Action item =>
Give again, word for word, the lines below that run from the line with "este es un desayuno" through the line with "5. Sherpa Jacket & Black Jeans". Drop the pictures.

Data for analysis =>
####

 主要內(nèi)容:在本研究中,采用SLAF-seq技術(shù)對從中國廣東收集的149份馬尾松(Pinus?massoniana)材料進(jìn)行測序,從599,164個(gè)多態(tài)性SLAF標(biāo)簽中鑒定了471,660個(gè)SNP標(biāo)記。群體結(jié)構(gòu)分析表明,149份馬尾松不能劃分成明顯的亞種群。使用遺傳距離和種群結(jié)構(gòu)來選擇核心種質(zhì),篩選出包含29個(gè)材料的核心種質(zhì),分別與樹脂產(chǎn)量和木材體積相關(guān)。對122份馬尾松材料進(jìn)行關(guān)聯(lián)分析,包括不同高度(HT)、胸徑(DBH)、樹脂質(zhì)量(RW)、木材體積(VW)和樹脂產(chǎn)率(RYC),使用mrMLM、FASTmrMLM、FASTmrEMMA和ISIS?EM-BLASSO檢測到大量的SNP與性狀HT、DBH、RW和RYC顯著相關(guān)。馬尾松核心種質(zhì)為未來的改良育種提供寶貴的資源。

####

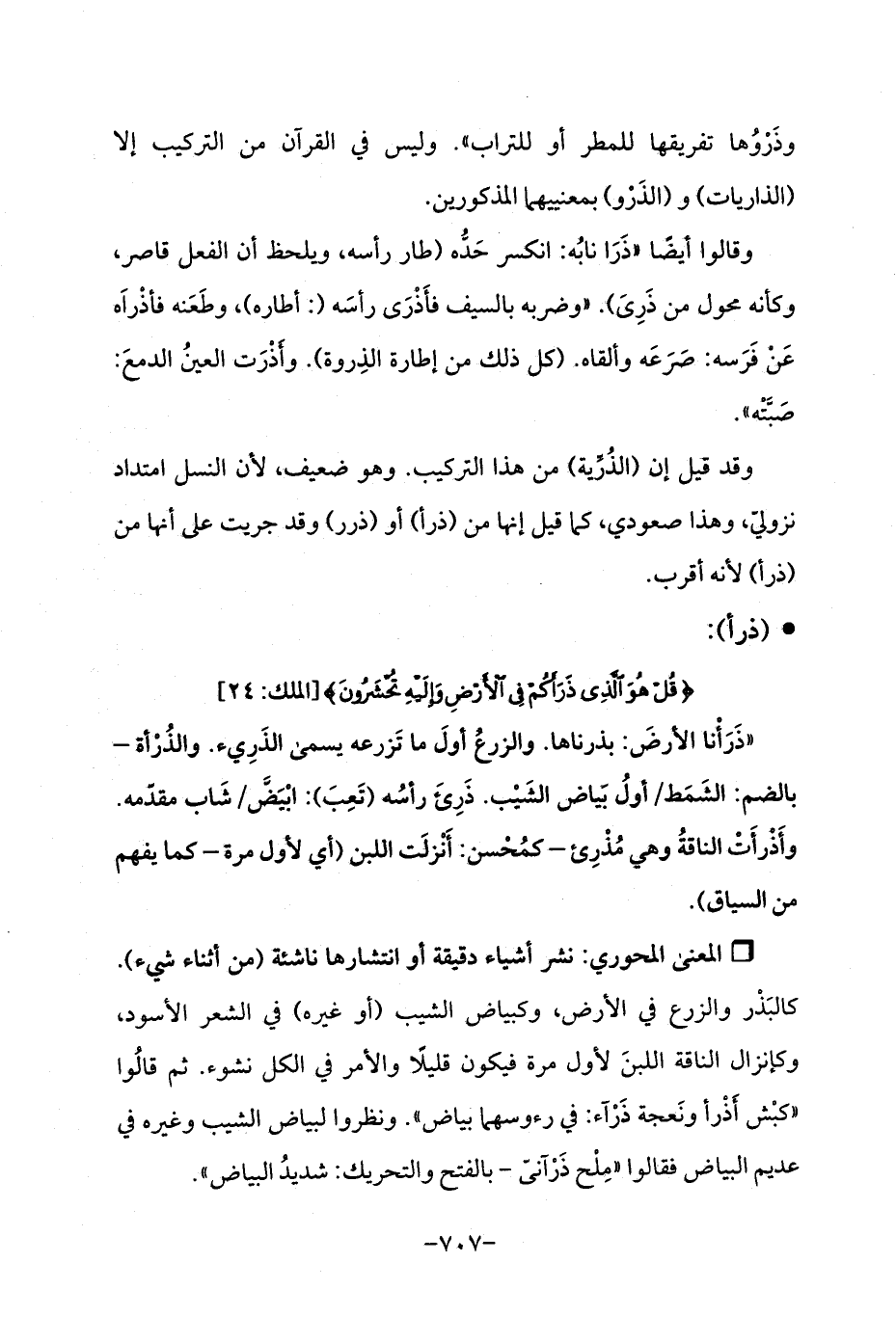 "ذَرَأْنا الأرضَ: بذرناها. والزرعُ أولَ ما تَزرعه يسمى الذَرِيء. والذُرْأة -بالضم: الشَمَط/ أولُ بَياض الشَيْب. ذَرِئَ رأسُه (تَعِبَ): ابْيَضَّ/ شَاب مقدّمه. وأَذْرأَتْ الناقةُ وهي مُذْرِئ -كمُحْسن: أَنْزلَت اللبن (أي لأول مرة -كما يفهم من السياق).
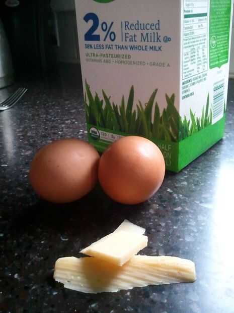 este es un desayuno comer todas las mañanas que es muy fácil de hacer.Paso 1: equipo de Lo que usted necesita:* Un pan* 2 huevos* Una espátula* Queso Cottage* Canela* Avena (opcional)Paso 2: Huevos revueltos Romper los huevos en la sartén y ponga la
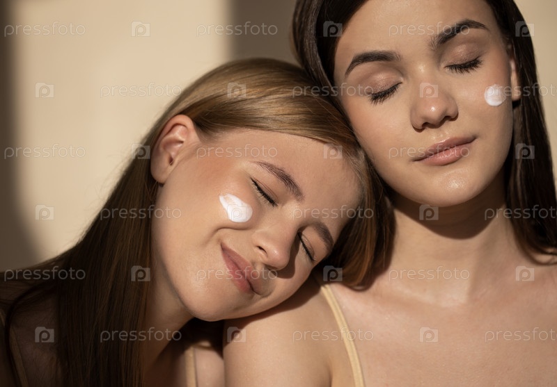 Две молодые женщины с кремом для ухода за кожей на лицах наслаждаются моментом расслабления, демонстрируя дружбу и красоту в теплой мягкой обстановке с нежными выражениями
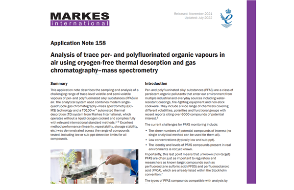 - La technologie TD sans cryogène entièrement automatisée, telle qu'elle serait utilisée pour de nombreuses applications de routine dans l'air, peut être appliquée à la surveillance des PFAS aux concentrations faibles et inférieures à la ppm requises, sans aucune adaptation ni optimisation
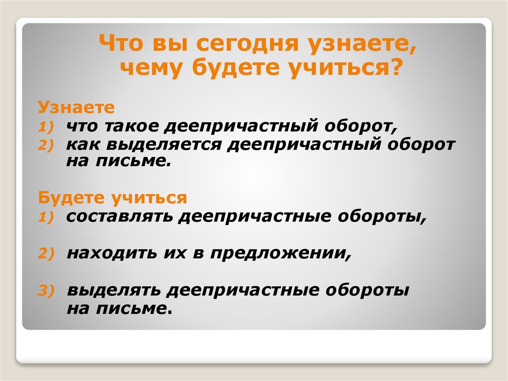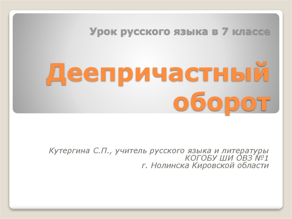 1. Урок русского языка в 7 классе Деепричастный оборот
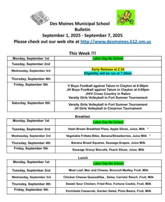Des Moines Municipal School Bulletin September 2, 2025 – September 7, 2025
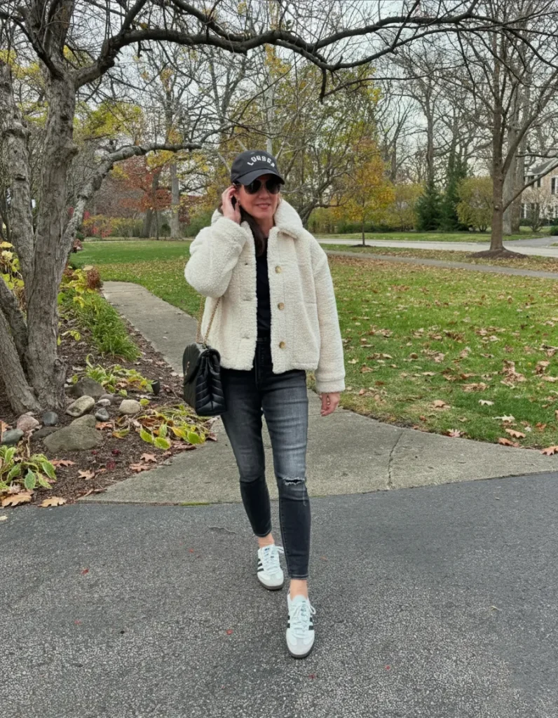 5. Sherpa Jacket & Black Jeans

####

Result of this exercise =>
 este es un desayuno comer todas las mañanas que es muy fácil de hacer.Paso 1: equipo de Lo que usted necesita:* Un pan* 2 huevos* Una espátula* Queso Cottage* Canela* Avena (opcional)Paso 2: Huevos revueltos Romper los huevos en la sartén y ponga la
 Две молодые женщины с кремом для ухода за кожей на лицах наслаждаются моментом расслабления, демонстрируя дружбу и красоту в теплой мягкой обстановке с нежными выражениями
 - La technologie TD sans cryogène entièrement automatisée, telle qu'elle serait utilisée pour de nombreuses applications de routine dans l'air, peut être appliquée à la surveillance des PFAS aux concentrations faibles et inférieures à la ppm requises, sans aucune adaptation ni optimisation
 1. Урок русского языка в 7 классе Деепричастный оборот
Des Moines Municipal School Bulletin September 2, 2025 – September 7, 2025
 5. Sherpa Jacket & Black Jeans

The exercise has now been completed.